[[ RECORDS TO USE open ]]

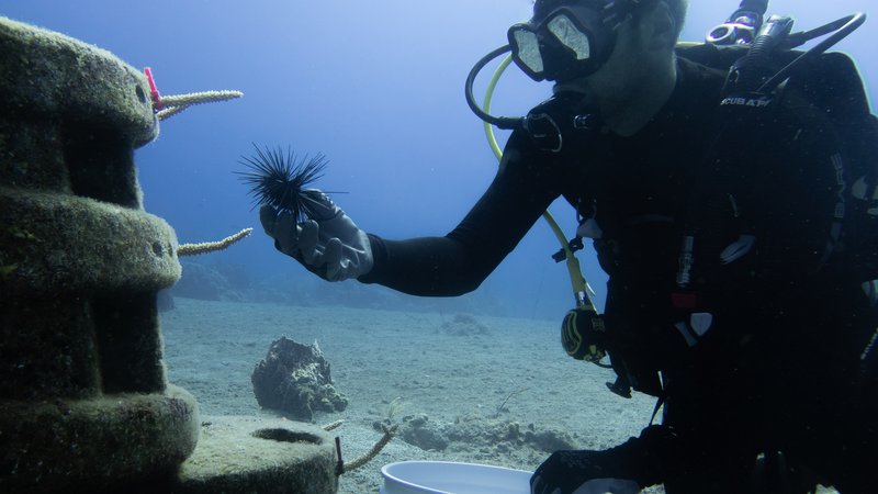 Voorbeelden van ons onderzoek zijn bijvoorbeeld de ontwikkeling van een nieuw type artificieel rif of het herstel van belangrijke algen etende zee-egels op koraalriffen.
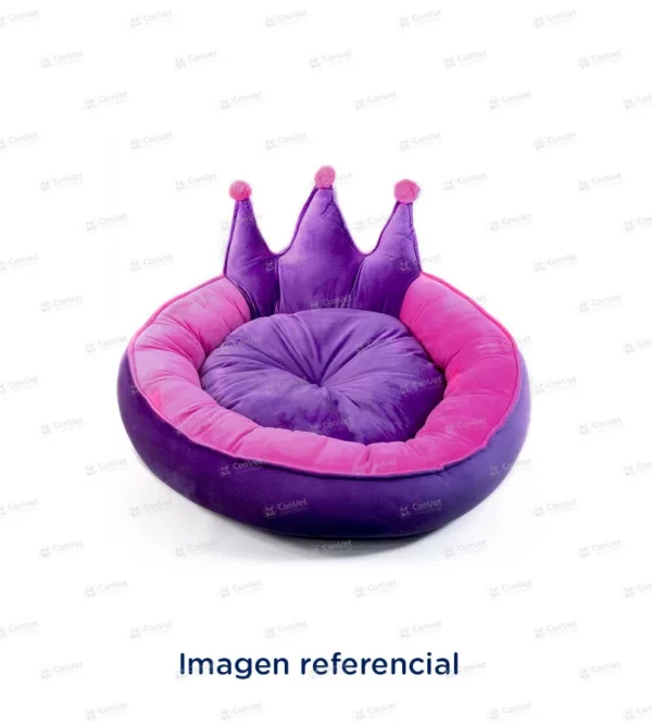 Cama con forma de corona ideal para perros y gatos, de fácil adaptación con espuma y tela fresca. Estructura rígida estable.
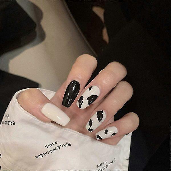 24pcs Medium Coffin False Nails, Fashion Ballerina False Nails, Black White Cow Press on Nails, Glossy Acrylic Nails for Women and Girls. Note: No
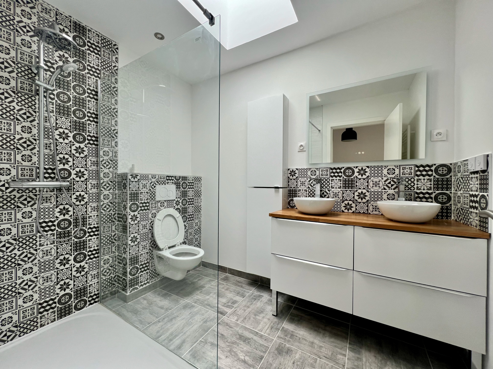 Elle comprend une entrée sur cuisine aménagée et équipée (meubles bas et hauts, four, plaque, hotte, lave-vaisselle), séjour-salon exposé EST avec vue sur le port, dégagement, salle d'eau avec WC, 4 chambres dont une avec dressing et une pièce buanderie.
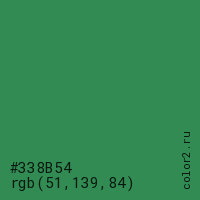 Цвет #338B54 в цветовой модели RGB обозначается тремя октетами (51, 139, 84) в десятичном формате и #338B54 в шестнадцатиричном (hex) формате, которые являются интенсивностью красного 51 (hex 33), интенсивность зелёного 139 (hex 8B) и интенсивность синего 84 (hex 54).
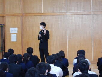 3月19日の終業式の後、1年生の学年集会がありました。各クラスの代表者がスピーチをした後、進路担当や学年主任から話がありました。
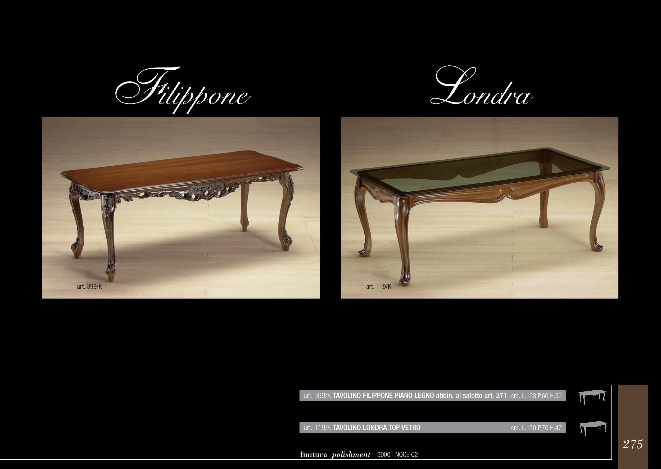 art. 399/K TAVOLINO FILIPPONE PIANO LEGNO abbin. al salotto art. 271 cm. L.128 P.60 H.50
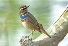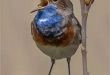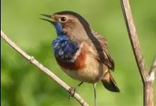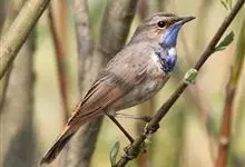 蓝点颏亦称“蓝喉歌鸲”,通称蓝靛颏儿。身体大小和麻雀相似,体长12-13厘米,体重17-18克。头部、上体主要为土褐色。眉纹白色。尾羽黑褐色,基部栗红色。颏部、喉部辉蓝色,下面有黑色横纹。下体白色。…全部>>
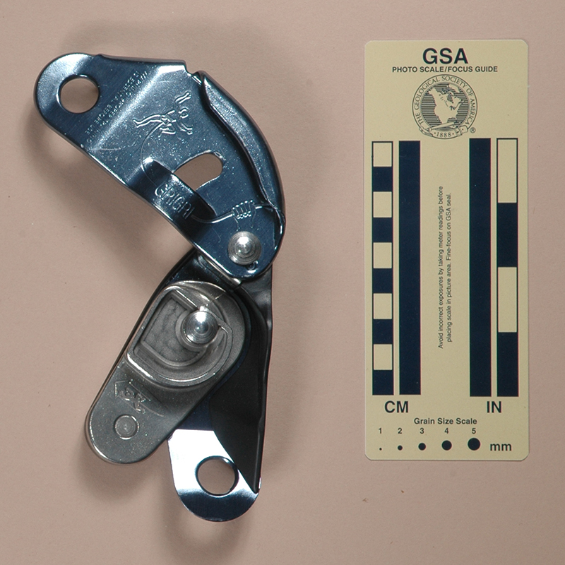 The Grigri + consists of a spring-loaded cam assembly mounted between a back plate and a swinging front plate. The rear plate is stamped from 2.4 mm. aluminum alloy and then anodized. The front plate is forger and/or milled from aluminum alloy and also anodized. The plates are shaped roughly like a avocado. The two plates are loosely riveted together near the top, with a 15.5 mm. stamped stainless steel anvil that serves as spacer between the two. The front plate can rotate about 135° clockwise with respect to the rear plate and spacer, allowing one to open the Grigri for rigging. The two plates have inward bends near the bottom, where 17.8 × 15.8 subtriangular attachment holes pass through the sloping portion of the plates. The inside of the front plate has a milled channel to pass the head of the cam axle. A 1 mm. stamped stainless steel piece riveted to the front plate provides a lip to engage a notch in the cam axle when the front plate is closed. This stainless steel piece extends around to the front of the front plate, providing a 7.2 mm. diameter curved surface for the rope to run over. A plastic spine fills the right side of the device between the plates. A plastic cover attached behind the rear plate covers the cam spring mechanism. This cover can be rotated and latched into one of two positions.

[[ RECORDS TO USE closed ]]

*WHAT TO WORK ON:* Print the entire listing precisely as written, omitting the images it holds.

*SOLVED EXERCISE:*
 Voorbeelden van ons onderzoek zijn bijvoorbeeld de ontwikkeling van een nieuw type artificieel rif of het herstel van belangrijke algen etende zee-egels op koraalriffen.
 Cama con forma de corona ideal para perros y gatos, de fácil adaptación con espuma y tela fresca. Estructura rígida estable.
 24pcs Medium Coffin False Nails, Fashion Ballerina False Nails, Black White Cow Press on Nails, Glossy Acrylic Nails for Women and Girls. Note: No
 Elle comprend une entrée sur cuisine aménagée et équipée (meubles bas et hauts, four, plaque, hotte, lave-vaisselle), séjour-salon exposé EST avec vue sur le port, dégagement, salle d'eau avec WC, 4 chambres dont une avec dressing et une pièce buanderie.
 Цвет #338B54 в цветовой модели RGB обозначается тремя октетами (51, 139, 84) в десятичном формате и #338B54 в шестнадцатиричном (hex) формате, которые являются интенсивностью красного 51 (hex 33), интенсивность зелёного 139 (hex 8B) и интенсивность синего 84 (hex 54).
 3月19日の終業式の後、1年生の学年集会がありました。各クラスの代表者がスピーチをした後、進路担当や学年主任から話がありました。
 art. 399/K TAVOLINO FILIPPONE PIANO LEGNO abbin. al salotto art. 271 cm. L.128 P.60 H.50
 蓝点颏亦称“蓝喉歌鸲”,通称蓝靛颏儿。身体大小和麻雀相似,体长12-13厘米,体重17-18克。头部、上体主要为土褐色。眉纹白色。尾羽黑褐色,基部栗红色。颏部、喉部辉蓝色,下面有黑色横纹。下体白色。…全部>>
 The Grigri + consists of a spring-loaded cam assembly mounted between a back plate and a swinging front plate. The rear plate is stamped from 2.4 mm. aluminum alloy and then anodized. The front plate is forger and/or milled from aluminum alloy and also anodized. The plates are shaped roughly like a avocado. The two plates are loosely riveted together near the top, with a 15.5 mm. stamped stainless steel anvil that serves as spacer between the two. The front plate can rotate about 135° clockwise with respect to the rear plate and spacer, allowing one to open the Grigri for rigging. The two plates have inward bends near the bottom, where 17.8 × 15.8 subtriangular attachment holes pass through the sloping portion of the plates. The inside of the front plate has a milled channel to pass the head of the cam axle. A 1 mm. stamped stainless steel piece riveted to the front plate provides a lip to engage a notch in the cam axle when the front plate is closed. This stainless steel piece extends around to the front of the front plate, providing a 7.2 mm. diameter curved surface for the rope to run over. A plastic spine fills the right side of the device between the plates. A plastic cover attached behind the rear plate covers the cam spring mechanism. This cover can be rotated and latched into one of two positions.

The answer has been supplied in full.